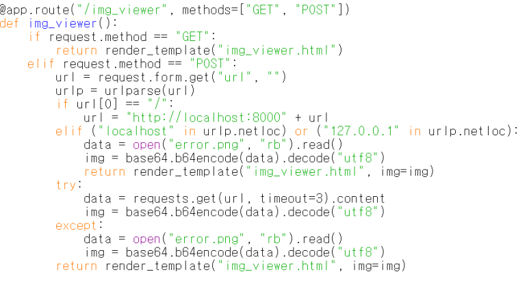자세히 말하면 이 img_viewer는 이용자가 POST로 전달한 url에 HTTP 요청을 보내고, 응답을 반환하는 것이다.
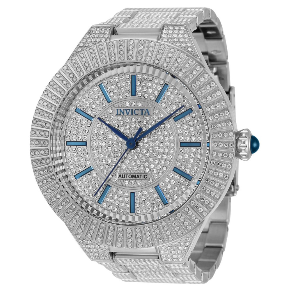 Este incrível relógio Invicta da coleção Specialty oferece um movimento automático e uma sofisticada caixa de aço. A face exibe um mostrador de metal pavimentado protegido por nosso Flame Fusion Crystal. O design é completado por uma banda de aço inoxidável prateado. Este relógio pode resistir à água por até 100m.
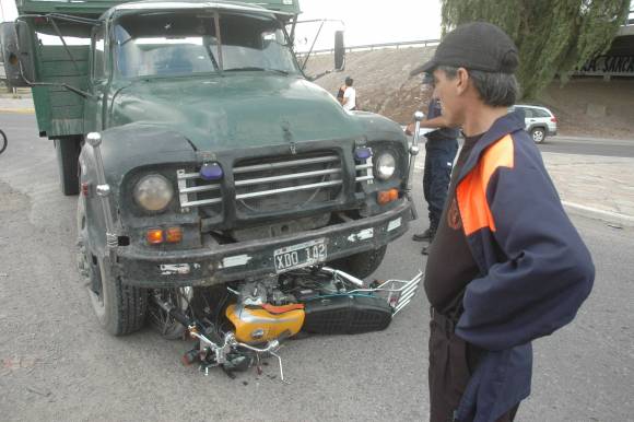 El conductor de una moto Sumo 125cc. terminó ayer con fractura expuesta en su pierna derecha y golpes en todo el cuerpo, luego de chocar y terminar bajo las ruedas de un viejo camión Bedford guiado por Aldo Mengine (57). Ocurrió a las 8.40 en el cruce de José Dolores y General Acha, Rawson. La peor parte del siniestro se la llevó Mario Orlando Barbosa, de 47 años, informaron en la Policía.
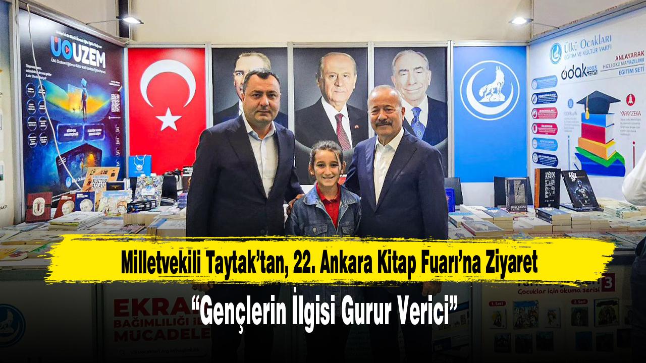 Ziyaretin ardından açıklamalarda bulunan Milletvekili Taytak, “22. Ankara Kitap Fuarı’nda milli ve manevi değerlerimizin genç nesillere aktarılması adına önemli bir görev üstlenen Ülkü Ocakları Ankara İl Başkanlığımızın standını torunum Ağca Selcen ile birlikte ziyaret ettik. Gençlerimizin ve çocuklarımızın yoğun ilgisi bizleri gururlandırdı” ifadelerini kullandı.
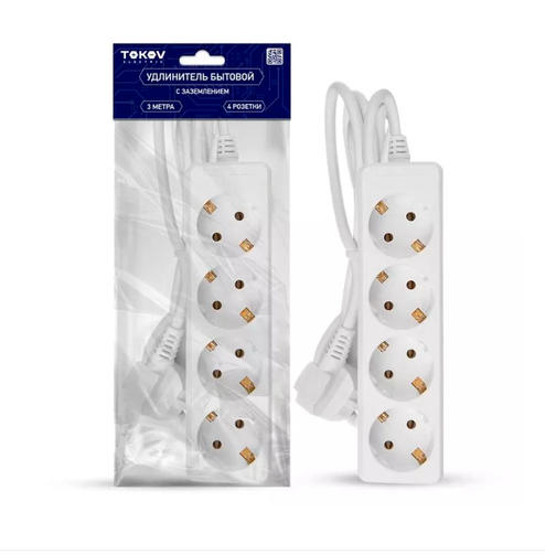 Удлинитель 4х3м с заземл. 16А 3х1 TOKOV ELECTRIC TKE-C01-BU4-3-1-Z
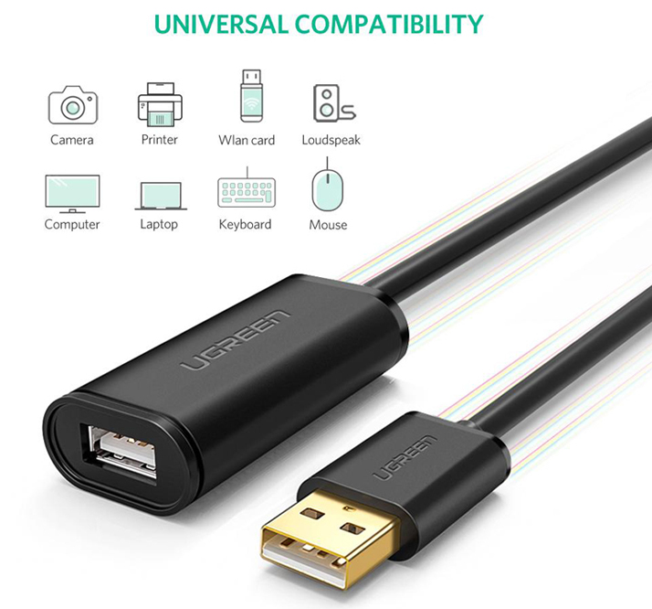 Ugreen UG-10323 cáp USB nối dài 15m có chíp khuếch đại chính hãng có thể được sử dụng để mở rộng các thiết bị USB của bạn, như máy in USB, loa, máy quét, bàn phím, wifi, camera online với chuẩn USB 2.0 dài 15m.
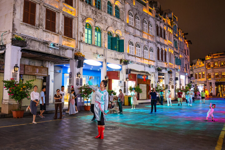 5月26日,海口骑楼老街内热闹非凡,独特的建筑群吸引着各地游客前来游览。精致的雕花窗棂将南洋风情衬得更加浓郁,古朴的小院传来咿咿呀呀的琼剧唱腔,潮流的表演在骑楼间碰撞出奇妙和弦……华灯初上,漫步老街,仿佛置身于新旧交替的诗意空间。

**ACTIVITY**
The records above must be output exactly, except for their pictures.

**WRITTEN ANSWER**
자세히 말하면 이 img_viewer는 이용자가 POST로 전달한 url에 HTTP 요청을 보내고, 응답을 반환하는 것이다.
 Este incrível relógio Invicta da coleção Specialty oferece um movimento automático e uma sofisticada caixa de aço. A face exibe um mostrador de metal pavimentado protegido por nosso Flame Fusion Crystal. O design é completado por uma banda de aço inoxidável prateado. Este relógio pode resistir à água por até 100m.
 El conductor de una moto Sumo 125cc. terminó ayer con fractura expuesta en su pierna derecha y golpes en todo el cuerpo, luego de chocar y terminar bajo las ruedas de un viejo camión Bedford guiado por Aldo Mengine (57). Ocurrió a las 8.40 en el cruce de José Dolores y General Acha, Rawson. La peor parte del siniestro se la llevó Mario Orlando Barbosa, de 47 años, informaron en la Policía.
 Ziyaretin ardından açıklamalarda bulunan Milletvekili Taytak, “22. Ankara Kitap Fuarı’nda milli ve manevi değerlerimizin genç nesillere aktarılması adına önemli bir görev üstlenen Ülkü Ocakları Ankara İl Başkanlığımızın standını torunum Ağca Selcen ile birlikte ziyaret ettik. Gençlerimizin ve çocuklarımızın yoğun ilgisi bizleri gururlandırdı” ifadelerini kullandı.
 Удлинитель 4х3м с заземл. 16А 3х1 TOKOV ELECTRIC TKE-C01-BU4-3-1-Z
 Ugreen UG-10323 cáp USB nối dài 15m có chíp khuếch đại chính hãng có thể được sử dụng để mở rộng các thiết bị USB của bạn, như máy in USB, loa, máy quét, bàn phím, wifi, camera online với chuẩn USB 2.0 dài 15m.
 5月26日,海口骑楼老街内热闹非凡,独特的建筑群吸引着各地游客前来游览。精致的雕花窗棂将南洋风情衬得更加浓郁,古朴的小院传来咿咿呀呀的琼剧唱腔,潮流的表演在骑楼间碰撞出奇妙和弦……华灯初上,漫步老街,仿佛置身于新旧交替的诗意空间。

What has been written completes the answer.